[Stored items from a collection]
────────────────────
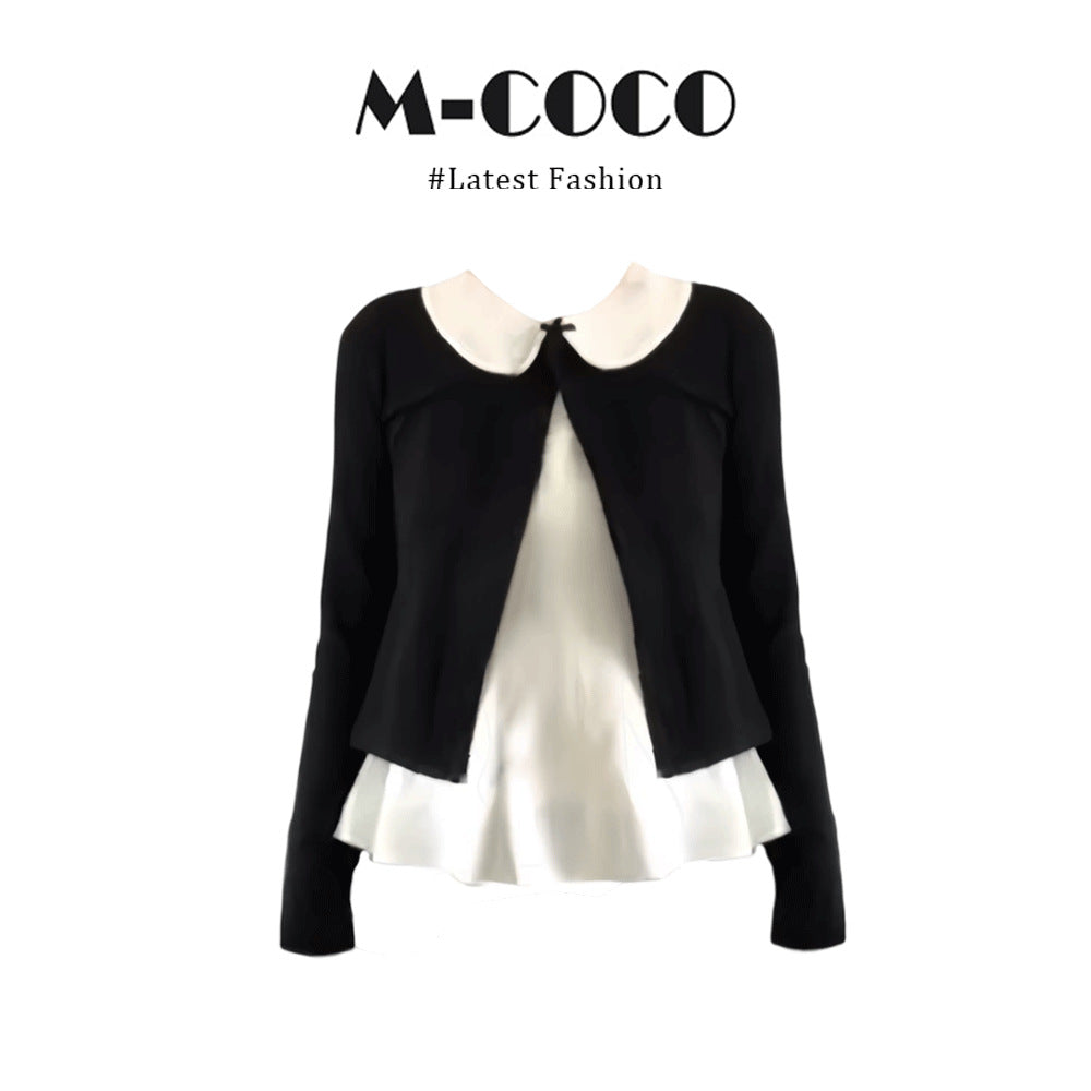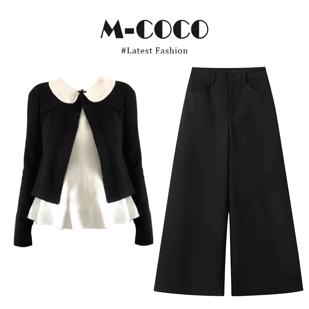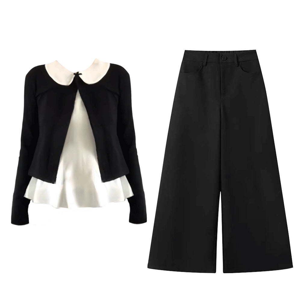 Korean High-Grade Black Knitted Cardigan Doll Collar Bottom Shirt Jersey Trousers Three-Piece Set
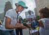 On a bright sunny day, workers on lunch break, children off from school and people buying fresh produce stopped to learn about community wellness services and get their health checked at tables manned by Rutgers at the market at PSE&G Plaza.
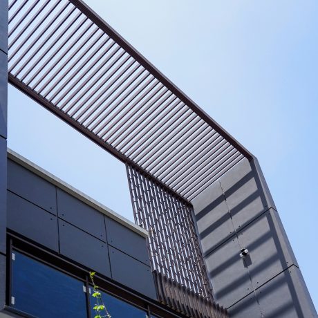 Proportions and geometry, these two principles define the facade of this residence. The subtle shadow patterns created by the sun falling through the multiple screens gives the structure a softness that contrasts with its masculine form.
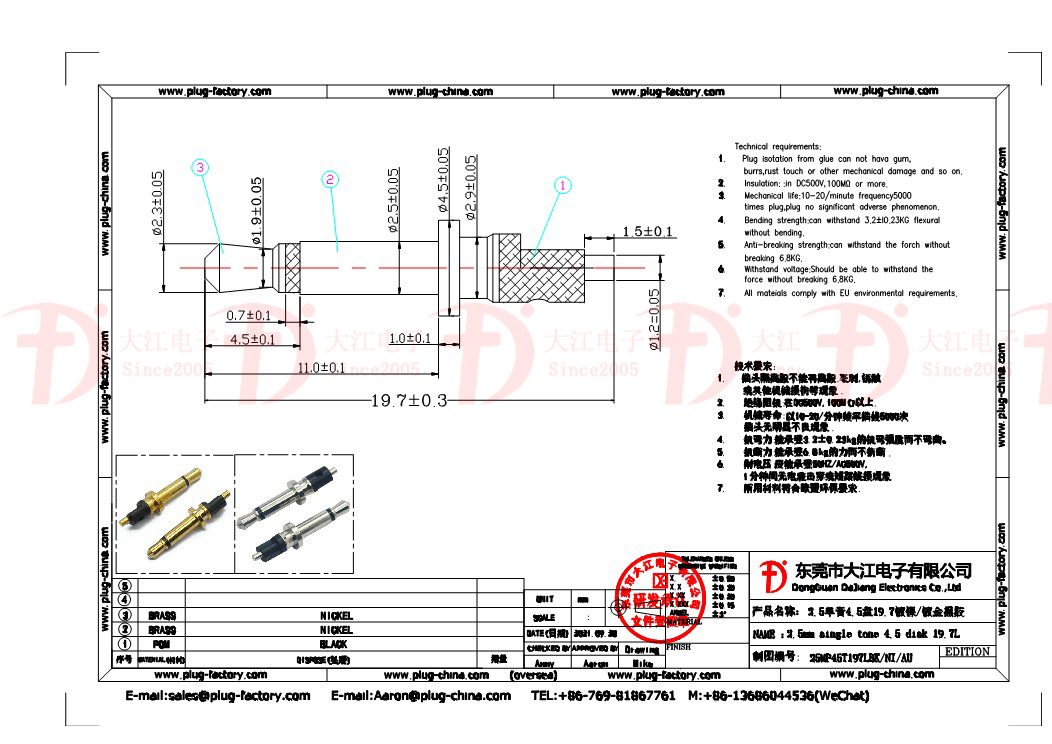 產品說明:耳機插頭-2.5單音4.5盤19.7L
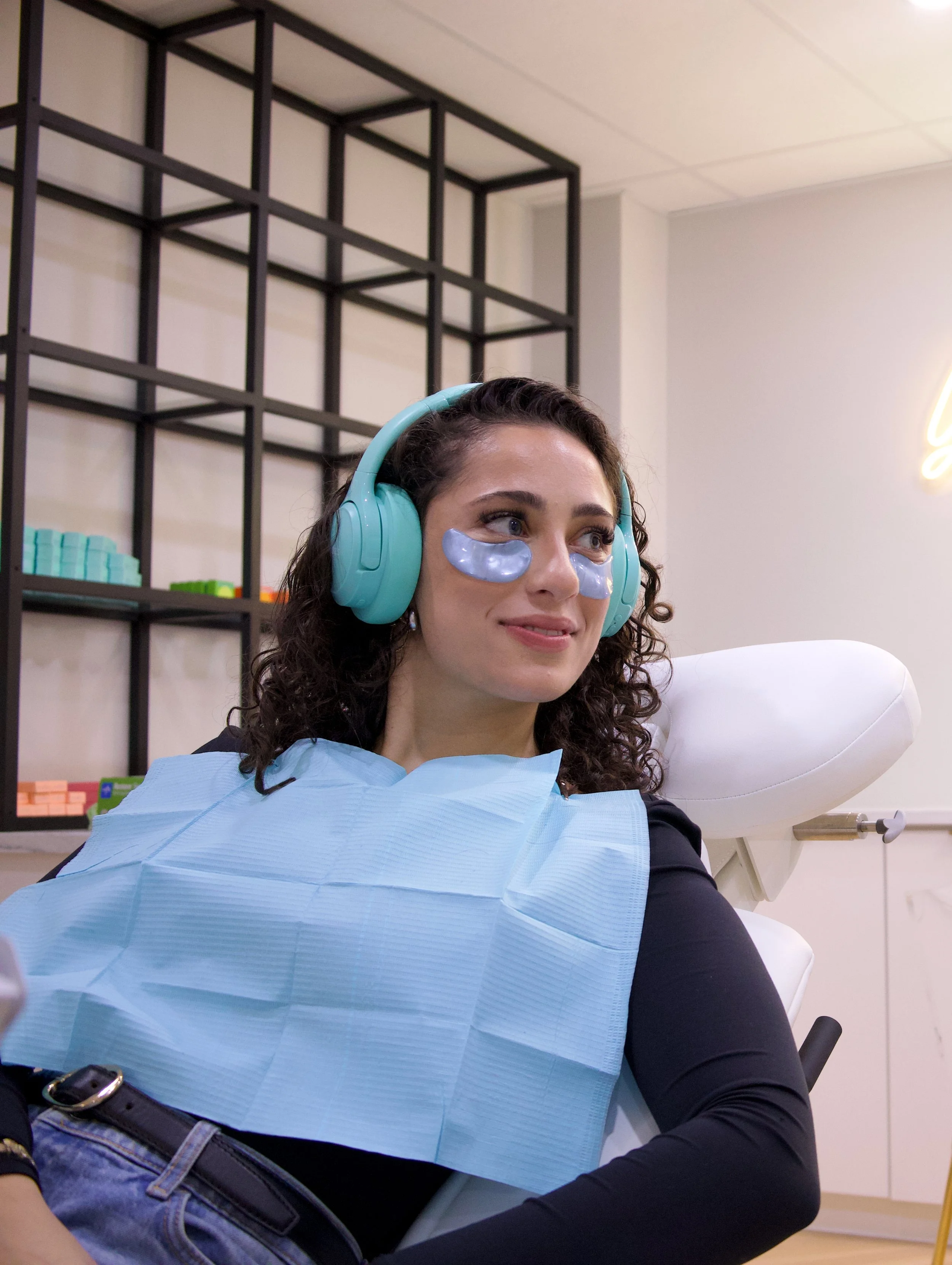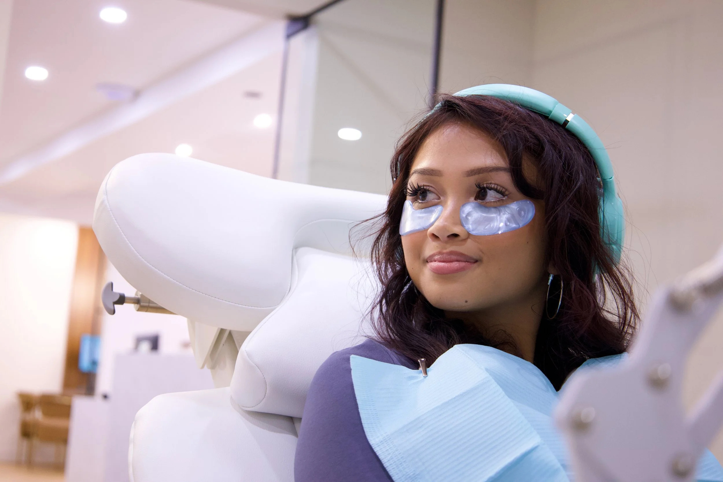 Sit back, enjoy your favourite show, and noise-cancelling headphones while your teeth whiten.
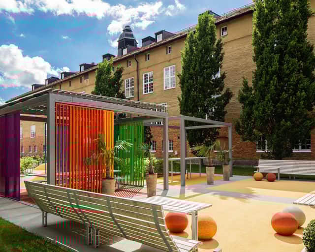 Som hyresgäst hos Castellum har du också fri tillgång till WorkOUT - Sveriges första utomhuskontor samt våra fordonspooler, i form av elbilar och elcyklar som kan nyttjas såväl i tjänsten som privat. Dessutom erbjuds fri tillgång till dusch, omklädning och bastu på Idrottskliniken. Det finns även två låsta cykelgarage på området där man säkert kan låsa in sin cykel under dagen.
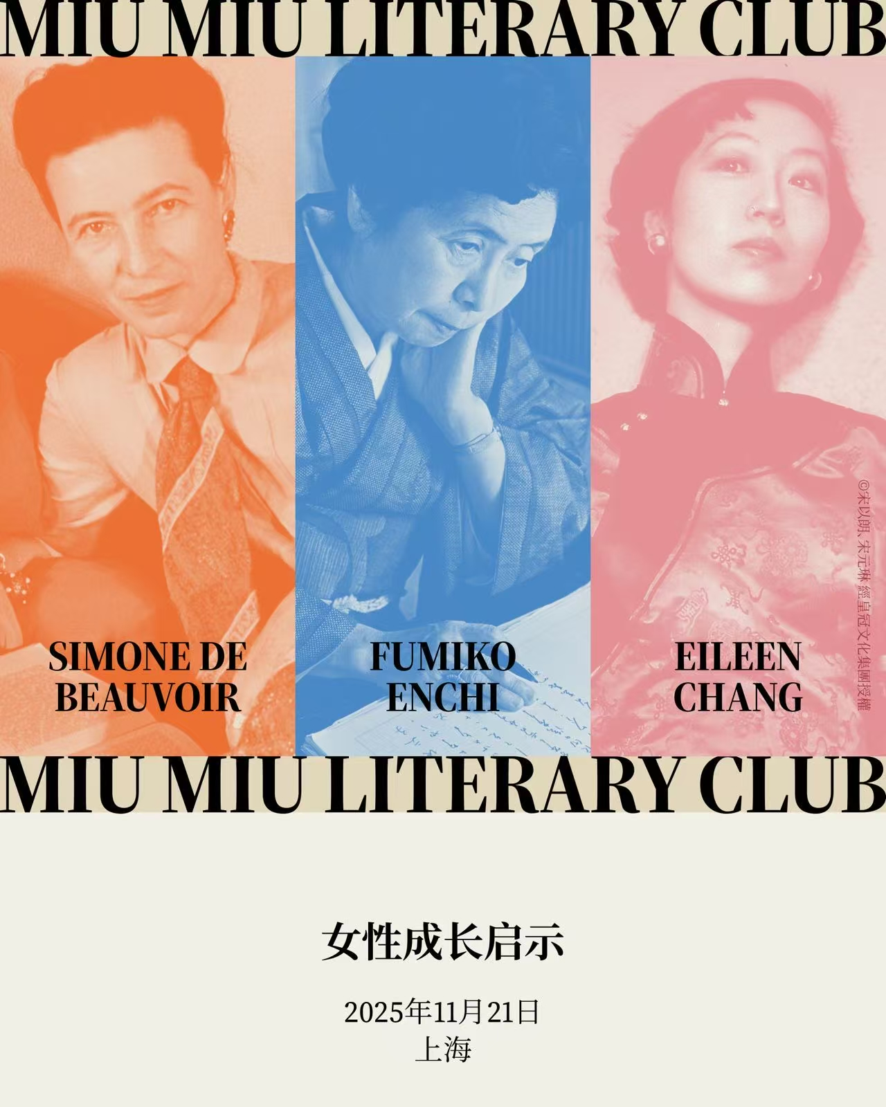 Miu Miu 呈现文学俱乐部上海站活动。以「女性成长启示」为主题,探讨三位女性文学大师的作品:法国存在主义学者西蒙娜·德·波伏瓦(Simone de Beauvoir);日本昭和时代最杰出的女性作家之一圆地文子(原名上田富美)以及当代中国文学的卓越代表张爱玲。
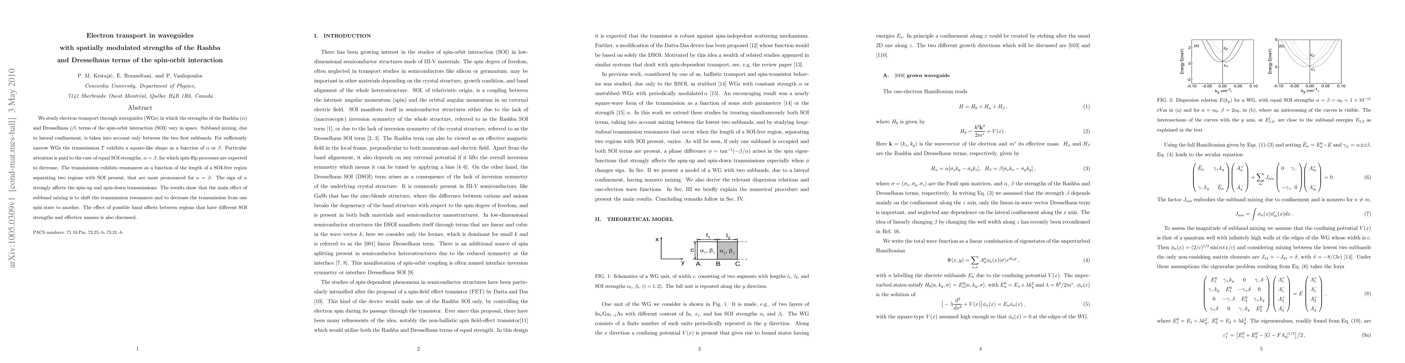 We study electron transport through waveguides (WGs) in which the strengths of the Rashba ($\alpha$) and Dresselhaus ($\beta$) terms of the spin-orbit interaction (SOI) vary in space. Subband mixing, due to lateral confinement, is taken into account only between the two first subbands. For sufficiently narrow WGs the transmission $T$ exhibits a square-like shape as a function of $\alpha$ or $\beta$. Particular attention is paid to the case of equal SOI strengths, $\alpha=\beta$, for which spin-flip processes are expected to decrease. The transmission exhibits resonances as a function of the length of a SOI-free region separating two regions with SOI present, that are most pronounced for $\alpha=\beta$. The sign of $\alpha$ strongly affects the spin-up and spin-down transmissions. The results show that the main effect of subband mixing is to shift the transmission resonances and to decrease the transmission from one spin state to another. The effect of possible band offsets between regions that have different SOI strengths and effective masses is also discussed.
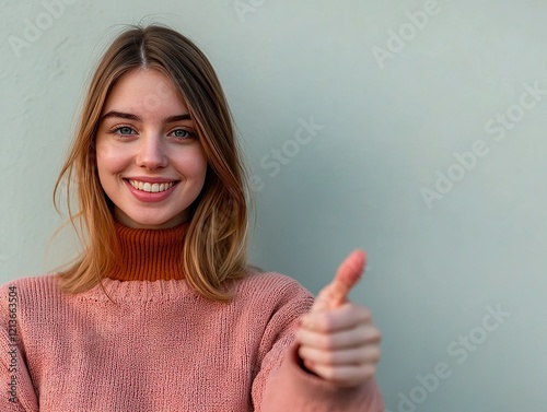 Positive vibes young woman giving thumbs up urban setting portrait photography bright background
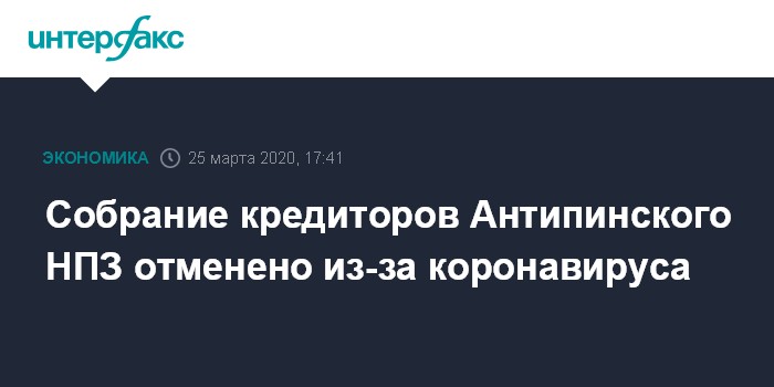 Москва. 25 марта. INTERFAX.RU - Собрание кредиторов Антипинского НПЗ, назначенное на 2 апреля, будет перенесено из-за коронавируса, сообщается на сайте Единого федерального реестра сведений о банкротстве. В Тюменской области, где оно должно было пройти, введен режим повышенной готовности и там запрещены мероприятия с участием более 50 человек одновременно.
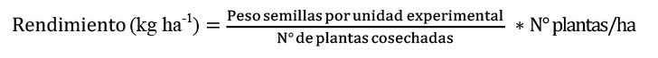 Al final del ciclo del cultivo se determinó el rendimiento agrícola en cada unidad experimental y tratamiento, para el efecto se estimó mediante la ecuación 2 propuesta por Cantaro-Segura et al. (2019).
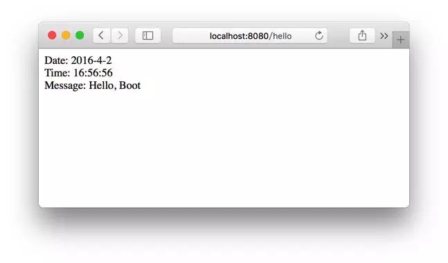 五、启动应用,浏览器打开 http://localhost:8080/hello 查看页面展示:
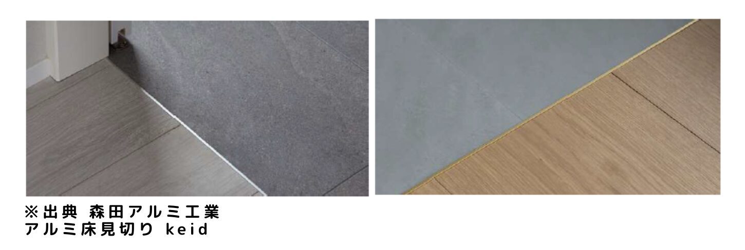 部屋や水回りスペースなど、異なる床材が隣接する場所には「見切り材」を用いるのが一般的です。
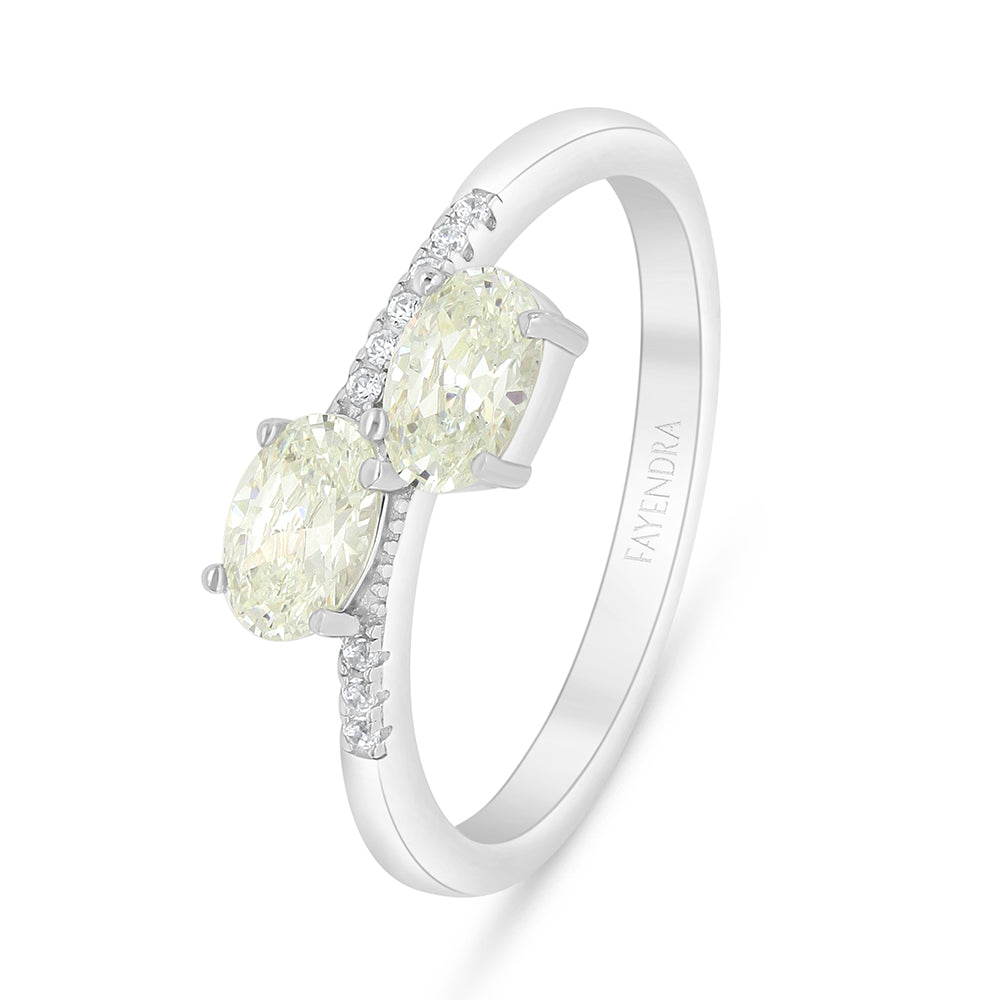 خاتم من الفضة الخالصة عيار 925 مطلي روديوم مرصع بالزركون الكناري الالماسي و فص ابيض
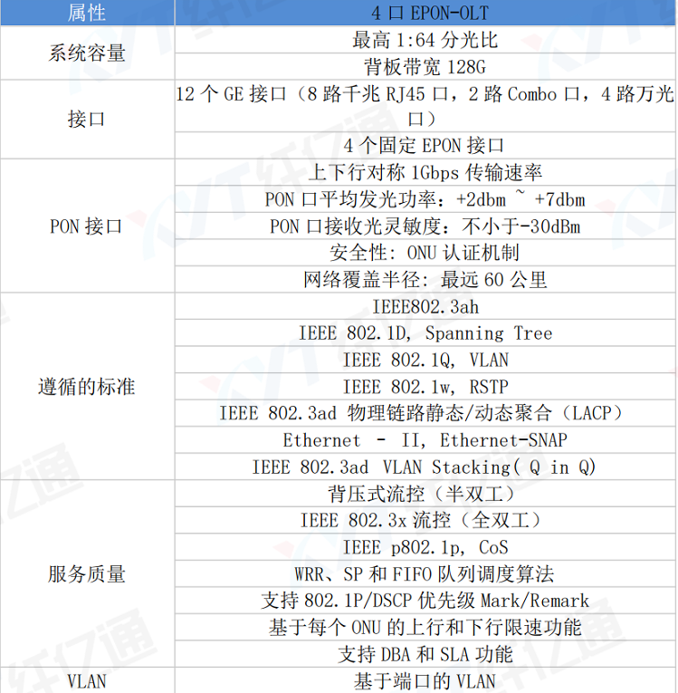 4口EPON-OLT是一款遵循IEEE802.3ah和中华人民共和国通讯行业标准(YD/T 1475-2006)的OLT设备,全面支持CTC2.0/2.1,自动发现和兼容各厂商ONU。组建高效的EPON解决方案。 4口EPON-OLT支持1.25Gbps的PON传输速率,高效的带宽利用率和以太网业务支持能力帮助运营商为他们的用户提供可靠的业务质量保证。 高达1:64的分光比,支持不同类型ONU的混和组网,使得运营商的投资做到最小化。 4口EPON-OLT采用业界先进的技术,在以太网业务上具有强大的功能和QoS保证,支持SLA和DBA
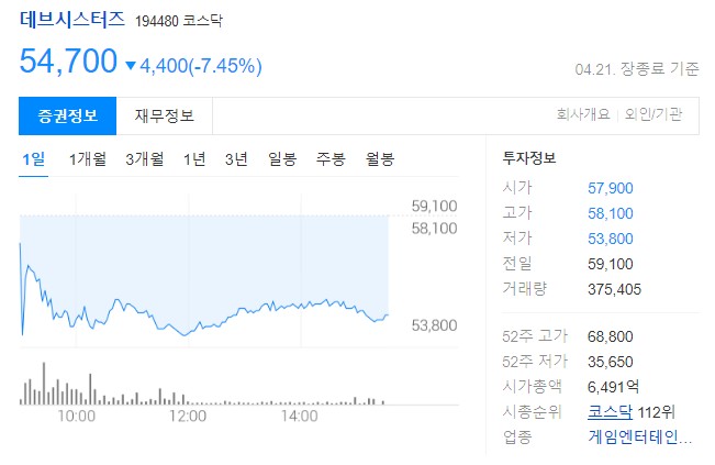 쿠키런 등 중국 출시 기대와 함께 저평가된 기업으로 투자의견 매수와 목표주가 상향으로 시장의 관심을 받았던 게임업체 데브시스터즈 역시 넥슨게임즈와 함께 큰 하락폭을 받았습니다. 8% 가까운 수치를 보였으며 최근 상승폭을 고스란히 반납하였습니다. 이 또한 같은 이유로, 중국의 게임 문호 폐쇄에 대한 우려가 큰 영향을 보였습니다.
────────────────────
■ YOUR OBJECTIVE:
Reproduce, exactly and with no pictures, the lines from the line containing "Al final del" through the closing line of the data above, keeping both ends.

■ EXERCISE ANSWER:
 Al final del ciclo del cultivo se determinó el rendimiento agrícola en cada unidad experimental y tratamiento, para el efecto se estimó mediante la ecuación 2 propuesta por Cantaro-Segura et al. (2019).
 五、启动应用,浏览器打开 http://localhost:8080/hello 查看页面展示:
 部屋や水回りスペースなど、異なる床材が隣接する場所には「見切り材」を用いるのが一般的です。
 خاتم من الفضة الخالصة عيار 925 مطلي روديوم مرصع بالزركون الكناري الالماسي و فص ابيض
 4口EPON-OLT是一款遵循IEEE802.3ah和中华人民共和国通讯行业标准(YD/T 1475-2006)的OLT设备,全面支持CTC2.0/2.1,自动发现和兼容各厂商ONU。组建高效的EPON解决方案。 4口EPON-OLT支持1.25Gbps的PON传输速率,高效的带宽利用率和以太网业务支持能力帮助运营商为他们的用户提供可靠的业务质量保证。 高达1:64的分光比,支持不同类型ONU的混和组网,使得运营商的投资做到最小化。 4口EPON-OLT采用业界先进的技术,在以太网业务上具有强大的功能和QoS保证,支持SLA和DBA
 쿠키런 등 중국 출시 기대와 함께 저평가된 기업으로 투자의견 매수와 목표주가 상향으로 시장의 관심을 받았던 게임업체 데브시스터즈 역시 넥슨게임즈와 함께 큰 하락폭을 받았습니다. 8% 가까운 수치를 보였으며 최근 상승폭을 고스란히 반납하였습니다. 이 또한 같은 이유로, 중국의 게임 문호 폐쇄에 대한 우려가 큰 영향을 보였습니다.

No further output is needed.